In A Spanish Christmas Meg Scott is spending Christmas in the castillo of tall, dark and imperious Don Christian Felipe Martinez, a truly hot-blooded, dark Latin lover! What would be her favourite Christmas present?

Christmas is a time for joy and love. The shops are packed, children are singing carols; we are all busy buying and wrapping presents, and arranging family feasts. In the midst of all this, take a little time for yourself and enjoy one of our short Christmas treats by some of our favourite authors.

CHAPTER ONE

‘OH, THIS must be our car.’

Carefully parking her patient’s wheelchair amongst the throng of people besieging the all too few taxis pulling up to collect the departing airport passengers, Meg hurried towards the sleek chauffeur-driven limousine which was just in sight and which, after the long wait they had had, just had to be the hire car they had pre-booked in London before leaving for Seville.
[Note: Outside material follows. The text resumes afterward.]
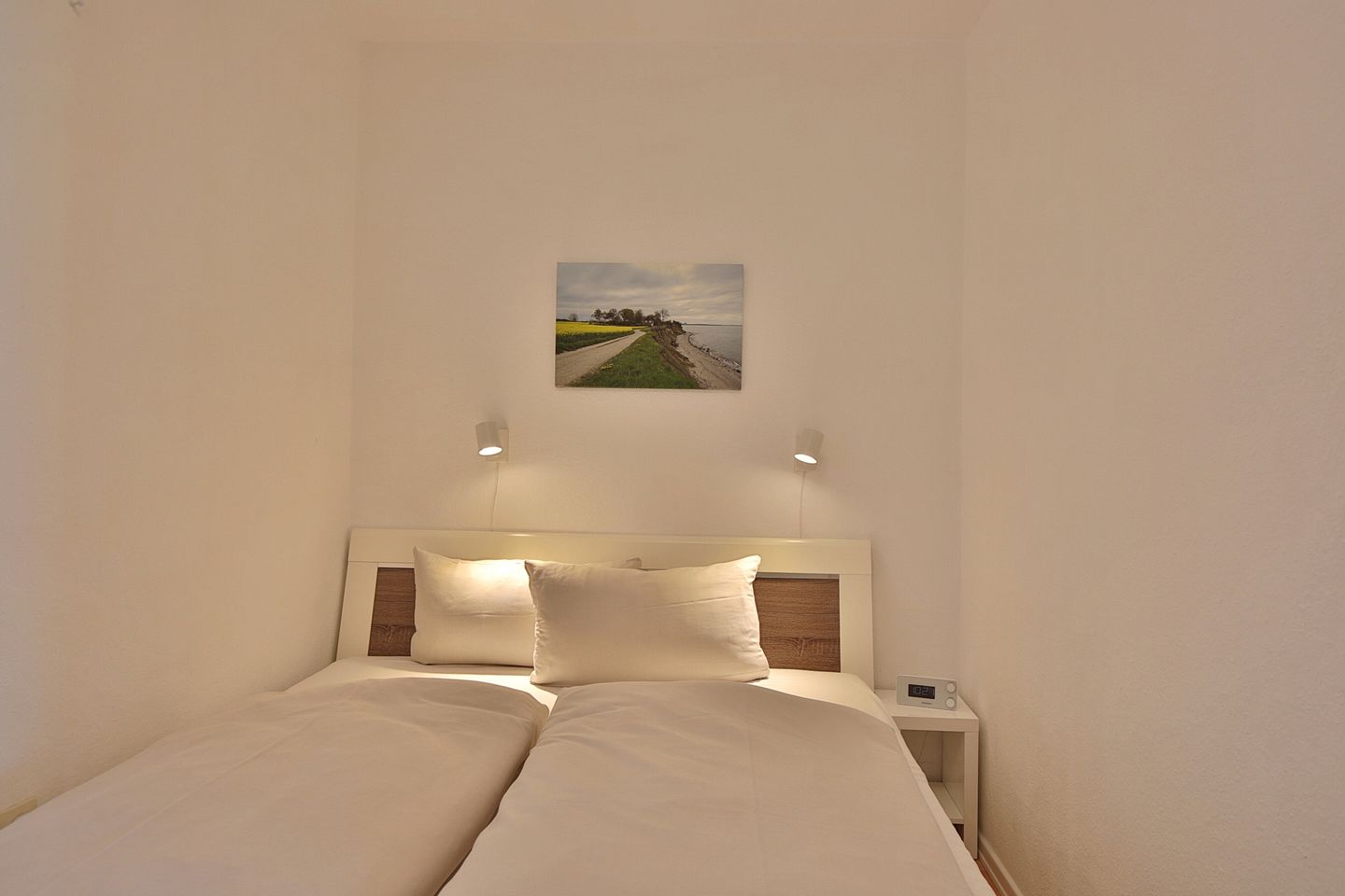 Das Schlafzimmer ohne Fenster ist mit einen Doppelbett mit einer Liegefläche von 1,60 x 2,00m (getrennte Matratzen) sowie einem Kleiderschrank ausgestattet.

Her patient, Elena Salvadores, was an elderly sixty-something and still very frail following the accident whilst she had been on holiday in London, which had resulted in the operation to her knee. This in turn had necessitated her hiring a private Spanish-speaking nurse from the agency for which Meg worked, to accompany her back to Seville and to remain there with her until after the Christmas holiday. Meg had taken to the Señora as soon as they had met and the Señora on her part had been almost embarrassingly grateful to Meg for the care she had given her.

Perhaps it was because of her own accident that she was so easily able to empathise with the anxiety and pain suffered by her patient, Meg acknowledged. As a busy young theatre sister who loved her job, the last thing she had been prepared for was to be attacked late at night in Casualty by a knife-wielding drunk who had inflicted such serious injuries on her unprotected hand and arm that they would never again be strong enough for theatre work.
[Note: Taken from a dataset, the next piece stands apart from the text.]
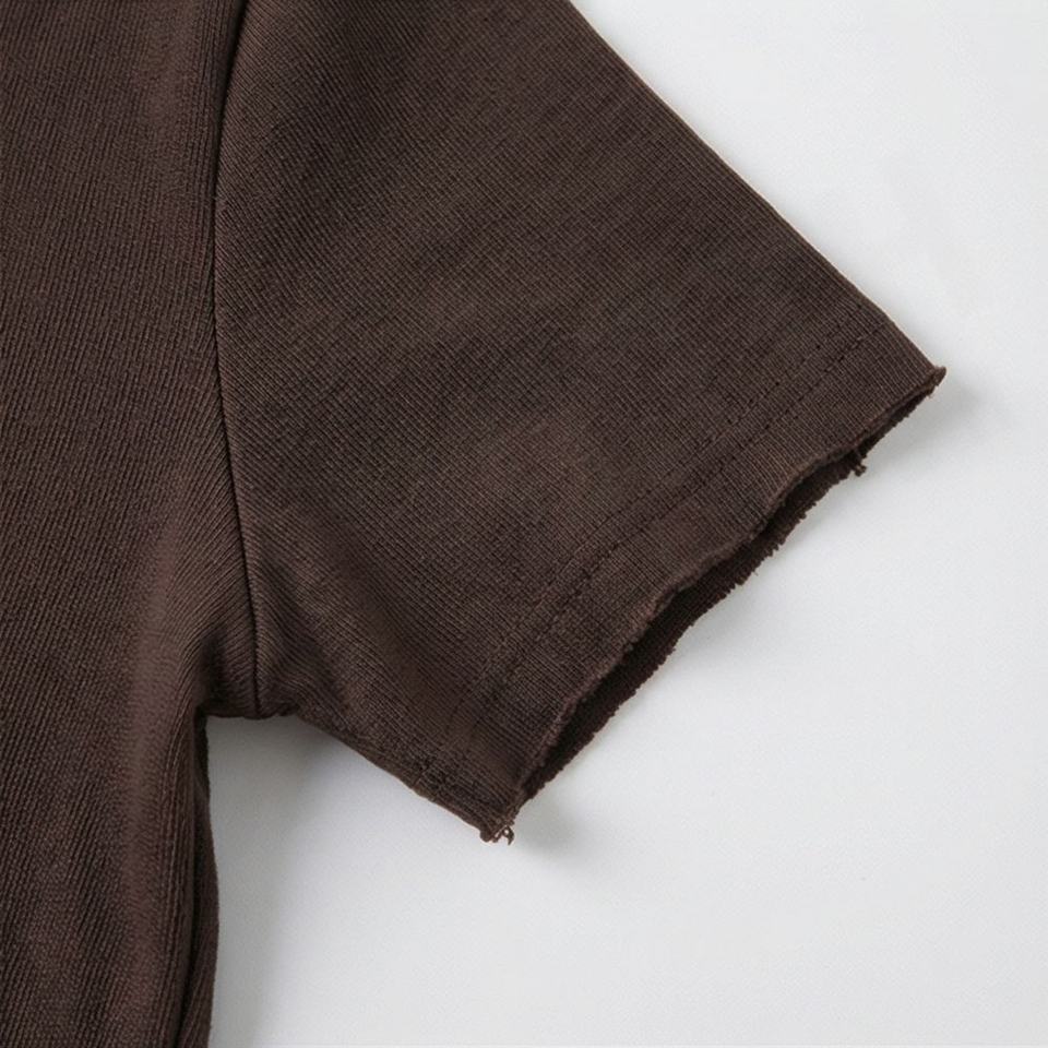 เสื้อยืดแฟชั่นฤดูร้อนสำหรับผู้หญิง ปักลายกระต่ายประดับลูกปัด แขนสั้น ทรงเข้ารูป คอโอ ผ้าถัก

The pain of losing her career as well as the complications and physical suffering her injuries had caused might have daunted someone less strongly grounded than Meg, even embittered them, but Meg had firmly told herself and everyone else who asked that working for an agency as a private nurse was helping her to become multi-functional. It had been the fact that she was fluent in Spanish which had gained her her present job.

When she had been growing up her father had managed an exclusive marina in Spain and she had spent her holidays there with her parents, quickly learning the language. Her parents were retired now and living in Portugal, where her father could indulge his twin passions of sailing and golf.

The limousine had pulled into the kerb now, a huge highly polished black beast of a car which was attracting the discreetly awed attention of the crowd on the pavement—and no wonder. Personally Meg would have thought that her request for a car suitable to take a wheelchair-bound patient and her luggage might have resulted in something rather more modest, but as she already knew Elena Salvadores was an extremely wealthy woman.

They had flown out from Heathrow first class, and the Señora had insisted that there was no way she wanted to have Meg wearing a uniform, which was why now, as she hurried to speak to the driver of their car, she was wearing a pair of warm trousers along with a toning butter-soft leather jacket. The trousers, with their fine blending of wool and cashmere, like the leather jacket, had been a birthday present from her parents.

She had reached the car now, and was just about to lean forward to speak to the driver when—’Excuse me!’

A note of icy warning entered Meg’s voice as she drew herself up to her full height of almost but not quite five feet four inches—six if you included the heels of her boots—and confronted the arrogantly imperious Spaniard who had appeared out of nowhere to try to lay claim to ‘their’ car.

Tall, he dwarfed her, Meg recognised, and had to be a good two inches over six foot, and broad-shouldered—he was practically blocking out what little winter light there was. Everything about him commanded—demanded—that Meg give way to him, to his maleness, his arrogance—and that she allowed him to take ‘their’ hire car.

Thoroughly infuriated by him, as well as concerned for her patient, who she had sensed had not enjoyed the flight and who was now looking tired and unwell, she opened her mouth to tell him what she thought of his bad manners. But before she could say a word the Spaniard was addressing her.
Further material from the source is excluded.